## Saved entries
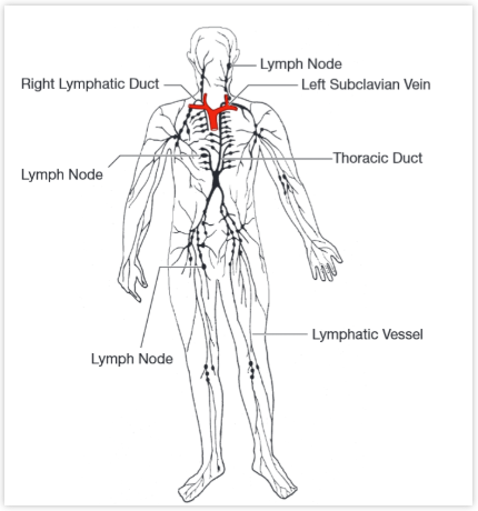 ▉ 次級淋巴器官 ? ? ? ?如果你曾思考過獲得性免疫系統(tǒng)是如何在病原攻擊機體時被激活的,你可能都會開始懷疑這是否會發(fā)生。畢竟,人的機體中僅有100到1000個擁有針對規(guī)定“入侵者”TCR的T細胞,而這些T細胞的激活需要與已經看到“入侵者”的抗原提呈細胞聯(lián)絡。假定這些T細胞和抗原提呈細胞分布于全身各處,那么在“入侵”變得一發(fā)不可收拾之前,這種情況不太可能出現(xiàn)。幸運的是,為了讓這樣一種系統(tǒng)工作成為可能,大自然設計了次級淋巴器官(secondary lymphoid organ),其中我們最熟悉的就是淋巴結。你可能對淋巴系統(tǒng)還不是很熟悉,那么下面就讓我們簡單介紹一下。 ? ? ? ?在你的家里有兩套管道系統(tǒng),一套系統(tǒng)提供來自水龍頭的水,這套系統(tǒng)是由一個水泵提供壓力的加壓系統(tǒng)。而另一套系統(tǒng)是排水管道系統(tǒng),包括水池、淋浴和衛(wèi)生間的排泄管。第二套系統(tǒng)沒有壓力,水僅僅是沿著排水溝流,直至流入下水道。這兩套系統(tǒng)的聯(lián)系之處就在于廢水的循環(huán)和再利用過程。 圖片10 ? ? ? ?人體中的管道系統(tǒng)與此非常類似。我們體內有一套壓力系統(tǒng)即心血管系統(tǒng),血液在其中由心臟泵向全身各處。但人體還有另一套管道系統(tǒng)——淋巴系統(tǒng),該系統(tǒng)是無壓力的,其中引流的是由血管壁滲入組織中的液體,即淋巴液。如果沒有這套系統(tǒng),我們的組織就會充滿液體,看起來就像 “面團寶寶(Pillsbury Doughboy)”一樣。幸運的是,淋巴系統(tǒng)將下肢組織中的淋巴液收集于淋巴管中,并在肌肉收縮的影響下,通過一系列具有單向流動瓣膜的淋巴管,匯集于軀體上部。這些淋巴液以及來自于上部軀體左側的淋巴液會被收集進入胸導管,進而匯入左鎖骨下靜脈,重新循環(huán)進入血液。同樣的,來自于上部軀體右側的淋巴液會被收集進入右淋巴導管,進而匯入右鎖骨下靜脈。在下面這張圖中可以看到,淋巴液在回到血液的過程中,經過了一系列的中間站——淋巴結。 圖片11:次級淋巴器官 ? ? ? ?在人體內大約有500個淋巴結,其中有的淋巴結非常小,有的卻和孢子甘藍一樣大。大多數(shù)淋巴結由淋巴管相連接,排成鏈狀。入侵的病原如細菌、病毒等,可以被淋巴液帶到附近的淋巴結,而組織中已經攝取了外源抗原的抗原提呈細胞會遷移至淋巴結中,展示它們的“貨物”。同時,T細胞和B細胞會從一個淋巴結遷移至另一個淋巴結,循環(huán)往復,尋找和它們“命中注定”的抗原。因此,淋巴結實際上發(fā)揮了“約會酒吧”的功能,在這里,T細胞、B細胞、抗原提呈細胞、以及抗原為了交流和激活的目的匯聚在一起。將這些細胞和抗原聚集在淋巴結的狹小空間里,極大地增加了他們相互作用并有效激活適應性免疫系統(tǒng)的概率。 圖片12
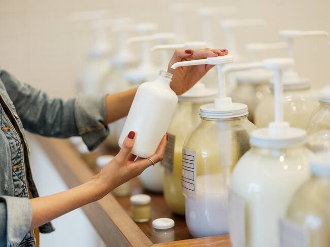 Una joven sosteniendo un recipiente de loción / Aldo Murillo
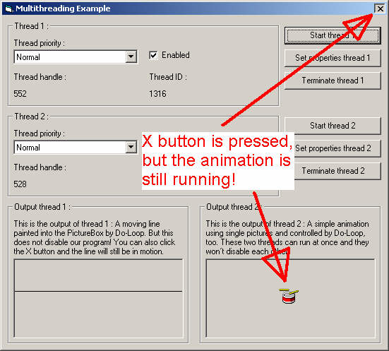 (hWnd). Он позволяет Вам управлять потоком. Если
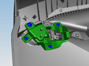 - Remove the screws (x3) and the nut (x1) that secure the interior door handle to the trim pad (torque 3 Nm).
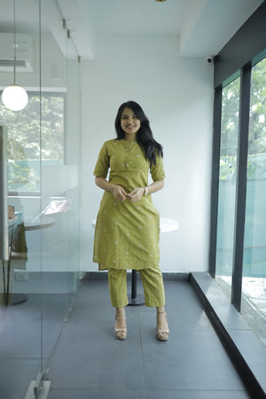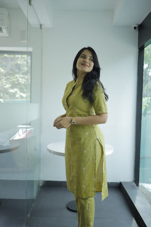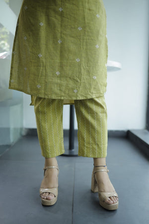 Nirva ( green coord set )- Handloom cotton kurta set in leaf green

## THE TASK
Print every entry above verbatim but drop the images.

## REPLY TO THE EXERCISE
 ▉ 次級淋巴器官 ? ? ? ?如果你曾思考過獲得性免疫系統(tǒng)是如何在病原攻擊機體時被激活的,你可能都會開始懷疑這是否會發(fā)生。畢竟,人的機體中僅有100到1000個擁有針對規(guī)定“入侵者”TCR的T細胞,而這些T細胞的激活需要與已經看到“入侵者”的抗原提呈細胞聯(lián)絡。假定這些T細胞和抗原提呈細胞分布于全身各處,那么在“入侵”變得一發(fā)不可收拾之前,這種情況不太可能出現(xiàn)。幸運的是,為了讓這樣一種系統(tǒng)工作成為可能,大自然設計了次級淋巴器官(secondary lymphoid organ),其中我們最熟悉的就是淋巴結。你可能對淋巴系統(tǒng)還不是很熟悉,那么下面就讓我們簡單介紹一下。 ? ? ? ?在你的家里有兩套管道系統(tǒng),一套系統(tǒng)提供來自水龍頭的水,這套系統(tǒng)是由一個水泵提供壓力的加壓系統(tǒng)。而另一套系統(tǒng)是排水管道系統(tǒng),包括水池、淋浴和衛(wèi)生間的排泄管。第二套系統(tǒng)沒有壓力,水僅僅是沿著排水溝流,直至流入下水道。這兩套系統(tǒng)的聯(lián)系之處就在于廢水的循環(huán)和再利用過程。 圖片10 ? ? ? ?人體中的管道系統(tǒng)與此非常類似。我們體內有一套壓力系統(tǒng)即心血管系統(tǒng),血液在其中由心臟泵向全身各處。但人體還有另一套管道系統(tǒng)——淋巴系統(tǒng),該系統(tǒng)是無壓力的,其中引流的是由血管壁滲入組織中的液體,即淋巴液。如果沒有這套系統(tǒng),我們的組織就會充滿液體,看起來就像 “面團寶寶(Pillsbury Doughboy)”一樣。幸運的是,淋巴系統(tǒng)將下肢組織中的淋巴液收集于淋巴管中,并在肌肉收縮的影響下,通過一系列具有單向流動瓣膜的淋巴管,匯集于軀體上部。這些淋巴液以及來自于上部軀體左側的淋巴液會被收集進入胸導管,進而匯入左鎖骨下靜脈,重新循環(huán)進入血液。同樣的,來自于上部軀體右側的淋巴液會被收集進入右淋巴導管,進而匯入右鎖骨下靜脈。在下面這張圖中可以看到,淋巴液在回到血液的過程中,經過了一系列的中間站——淋巴結。 圖片11:次級淋巴器官 ? ? ? ?在人體內大約有500個淋巴結,其中有的淋巴結非常小,有的卻和孢子甘藍一樣大。大多數(shù)淋巴結由淋巴管相連接,排成鏈狀。入侵的病原如細菌、病毒等,可以被淋巴液帶到附近的淋巴結,而組織中已經攝取了外源抗原的抗原提呈細胞會遷移至淋巴結中,展示它們的“貨物”。同時,T細胞和B細胞會從一個淋巴結遷移至另一個淋巴結,循環(huán)往復,尋找和它們“命中注定”的抗原。因此,淋巴結實際上發(fā)揮了“約會酒吧”的功能,在這里,T細胞、B細胞、抗原提呈細胞、以及抗原為了交流和激活的目的匯聚在一起。將這些細胞和抗原聚集在淋巴結的狹小空間里,極大地增加了他們相互作用并有效激活適應性免疫系統(tǒng)的概率。 圖片12
 Una joven sosteniendo un recipiente de loción / Aldo Murillo
 (hWnd). Он позволяет Вам управлять потоком. Если
 - Remove the screws (x3) and the nut (x1) that secure the interior door handle to the trim pad (torque 3 Nm).
 Nirva ( green coord set )- Handloom cotton kurta set in leaf green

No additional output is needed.